> Work to be completed:
With the pictures left aside, write out exactly the lines of the listing below from the line with "- Daily Planner" to the line with "slide 1 of 1, NFL", both included, and only those.

> Records supplied:
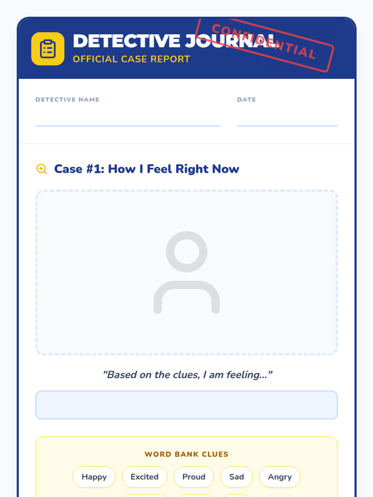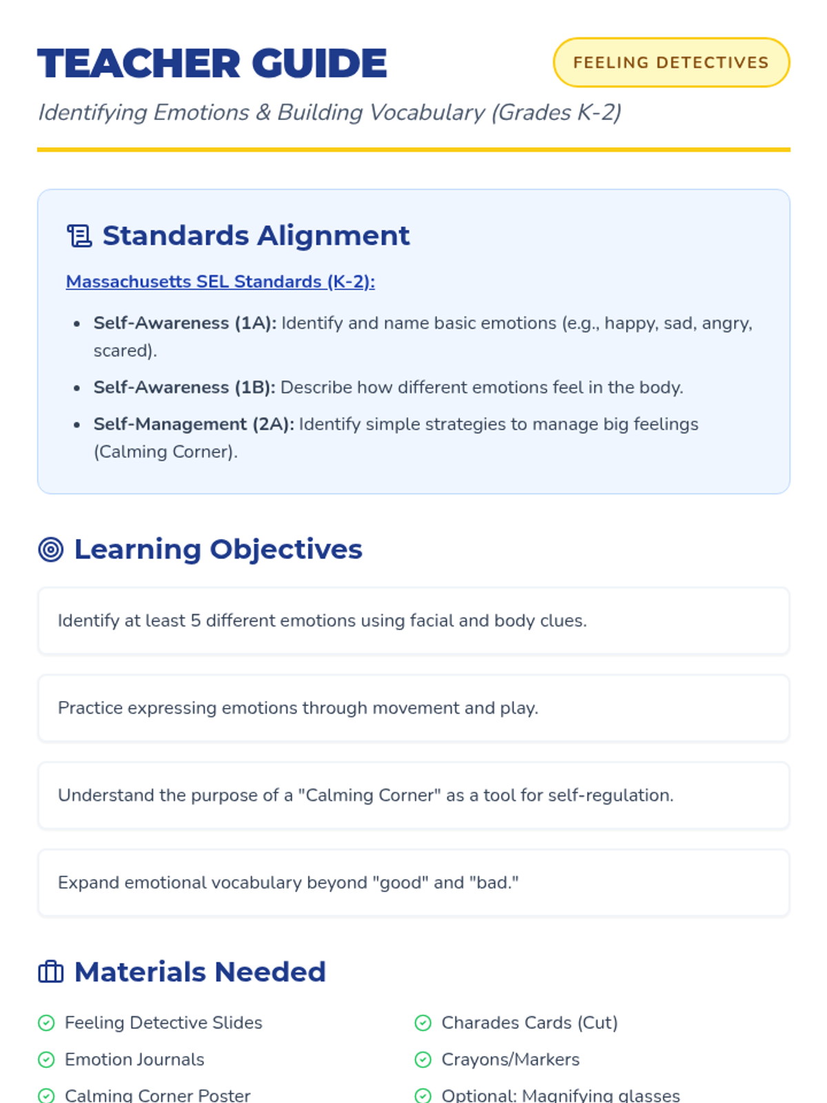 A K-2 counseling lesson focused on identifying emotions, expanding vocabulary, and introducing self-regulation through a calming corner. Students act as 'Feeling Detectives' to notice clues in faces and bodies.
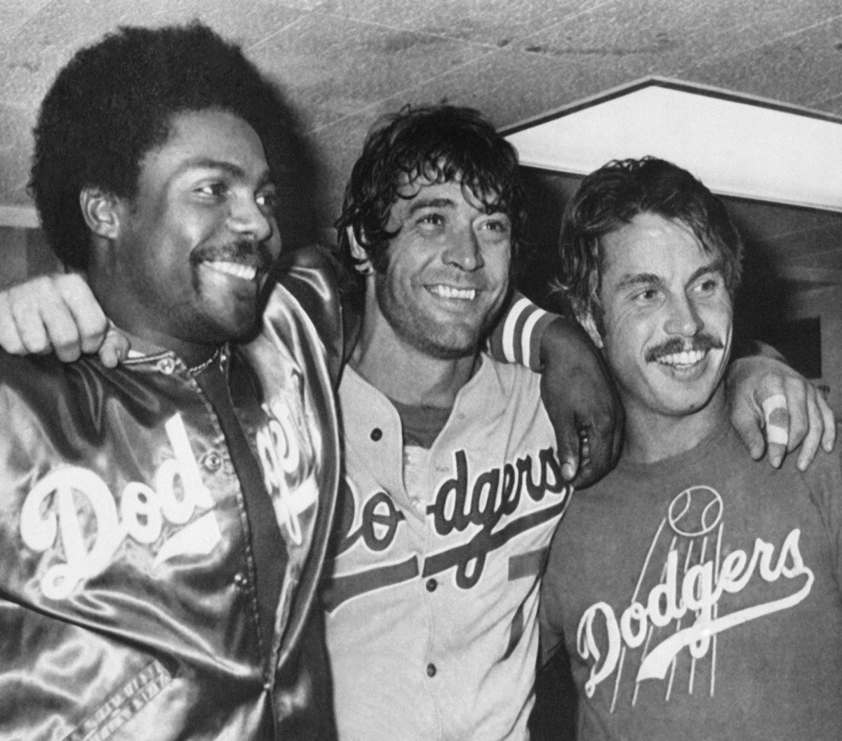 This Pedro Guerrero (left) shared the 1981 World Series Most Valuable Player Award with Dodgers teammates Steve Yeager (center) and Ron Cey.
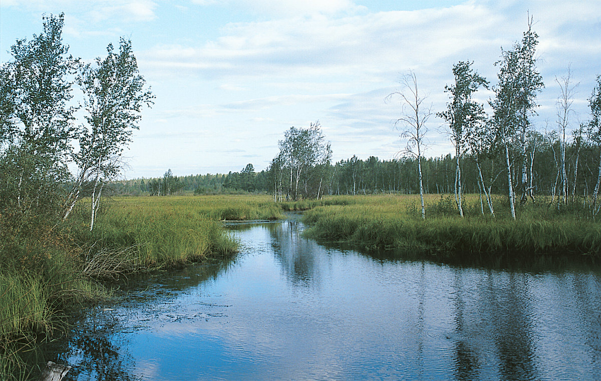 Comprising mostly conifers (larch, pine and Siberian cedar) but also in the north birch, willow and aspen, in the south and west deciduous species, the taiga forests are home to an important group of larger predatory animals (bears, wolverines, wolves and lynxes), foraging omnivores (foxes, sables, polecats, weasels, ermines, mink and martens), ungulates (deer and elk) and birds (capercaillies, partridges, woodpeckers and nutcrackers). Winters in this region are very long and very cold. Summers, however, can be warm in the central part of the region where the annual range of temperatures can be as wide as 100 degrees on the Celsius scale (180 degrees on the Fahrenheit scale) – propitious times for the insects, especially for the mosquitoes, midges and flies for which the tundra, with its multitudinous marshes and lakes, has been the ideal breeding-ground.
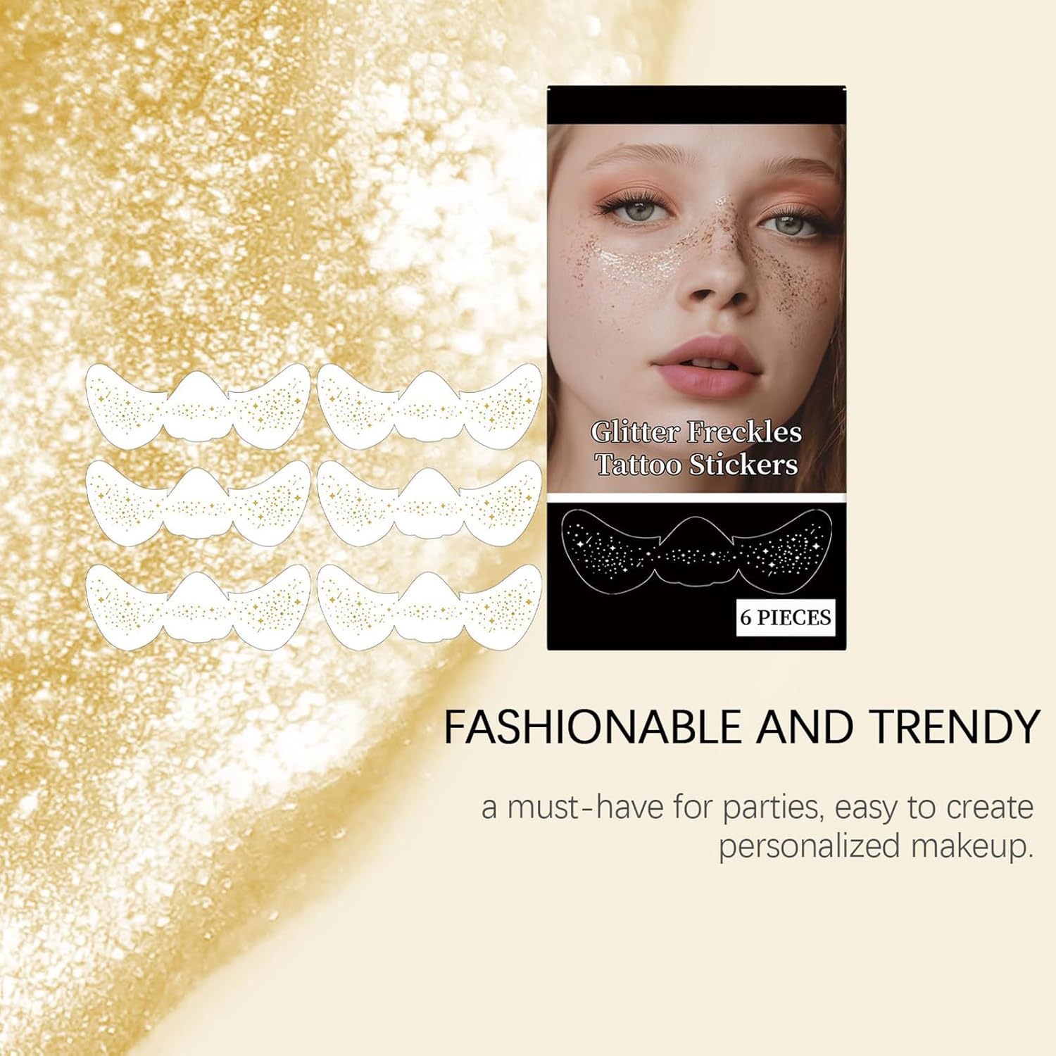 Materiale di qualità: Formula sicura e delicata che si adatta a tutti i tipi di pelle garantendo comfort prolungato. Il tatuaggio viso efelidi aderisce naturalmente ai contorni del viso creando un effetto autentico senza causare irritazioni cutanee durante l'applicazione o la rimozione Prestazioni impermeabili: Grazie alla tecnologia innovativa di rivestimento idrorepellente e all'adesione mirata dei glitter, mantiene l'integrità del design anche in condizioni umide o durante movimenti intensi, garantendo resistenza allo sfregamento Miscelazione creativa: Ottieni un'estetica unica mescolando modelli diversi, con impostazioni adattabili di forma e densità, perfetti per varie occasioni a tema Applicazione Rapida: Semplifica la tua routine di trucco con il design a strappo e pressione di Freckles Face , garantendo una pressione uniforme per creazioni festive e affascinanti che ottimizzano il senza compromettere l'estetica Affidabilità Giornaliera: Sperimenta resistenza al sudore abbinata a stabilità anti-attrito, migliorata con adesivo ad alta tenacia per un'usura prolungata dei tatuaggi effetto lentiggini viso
==
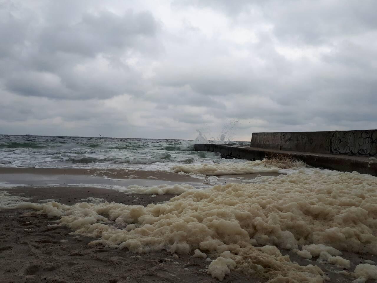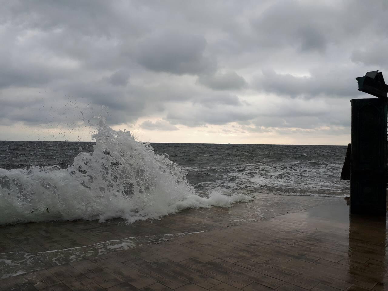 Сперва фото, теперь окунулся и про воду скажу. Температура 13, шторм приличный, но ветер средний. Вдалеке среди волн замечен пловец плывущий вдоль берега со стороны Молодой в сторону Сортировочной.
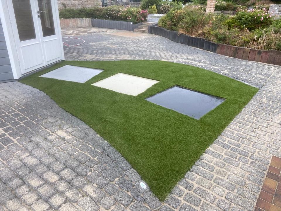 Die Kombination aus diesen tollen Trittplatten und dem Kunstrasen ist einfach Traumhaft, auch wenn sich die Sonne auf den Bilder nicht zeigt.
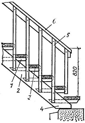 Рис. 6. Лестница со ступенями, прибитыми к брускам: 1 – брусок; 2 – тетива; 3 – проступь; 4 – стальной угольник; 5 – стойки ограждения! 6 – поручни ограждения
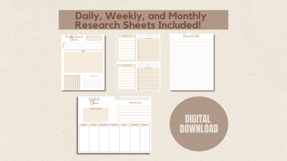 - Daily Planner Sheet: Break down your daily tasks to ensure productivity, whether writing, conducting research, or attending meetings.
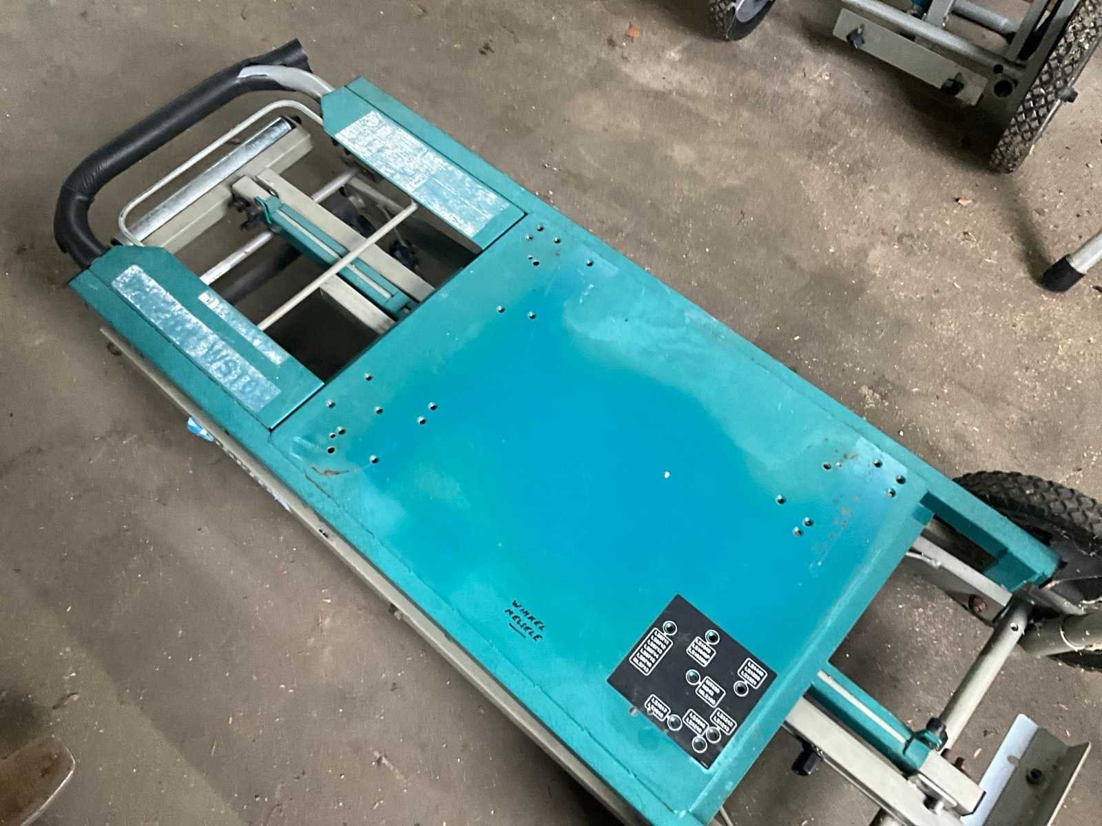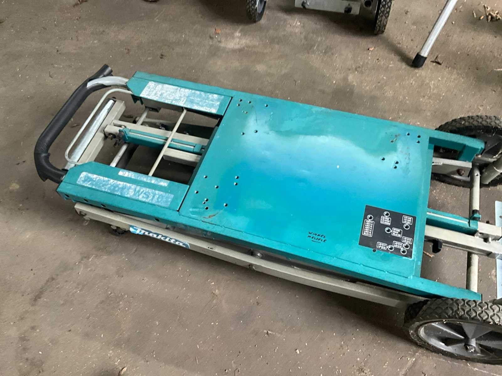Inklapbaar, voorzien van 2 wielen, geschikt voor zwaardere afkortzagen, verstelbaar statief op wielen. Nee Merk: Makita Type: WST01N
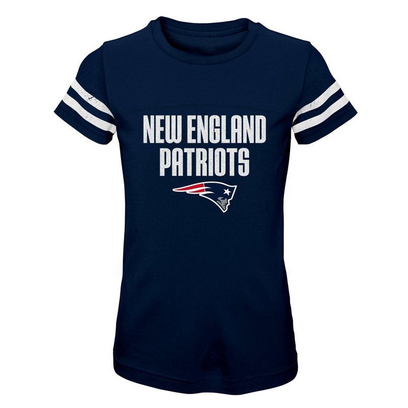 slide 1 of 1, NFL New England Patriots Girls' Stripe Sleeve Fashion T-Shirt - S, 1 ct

> Expected output:
 - Daily Planner Sheet: Break down your daily tasks to ensure productivity, whether writing, conducting research, or attending meetings.
Inklapbaar, voorzien van 2 wielen, geschikt voor zwaardere afkortzagen, verstelbaar statief op wielen. Nee Merk: Makita Type: WST01N
 slide 1 of 1, NFL New England Patriots Girls' Stripe Sleeve Fashion T-Shirt - S, 1 ct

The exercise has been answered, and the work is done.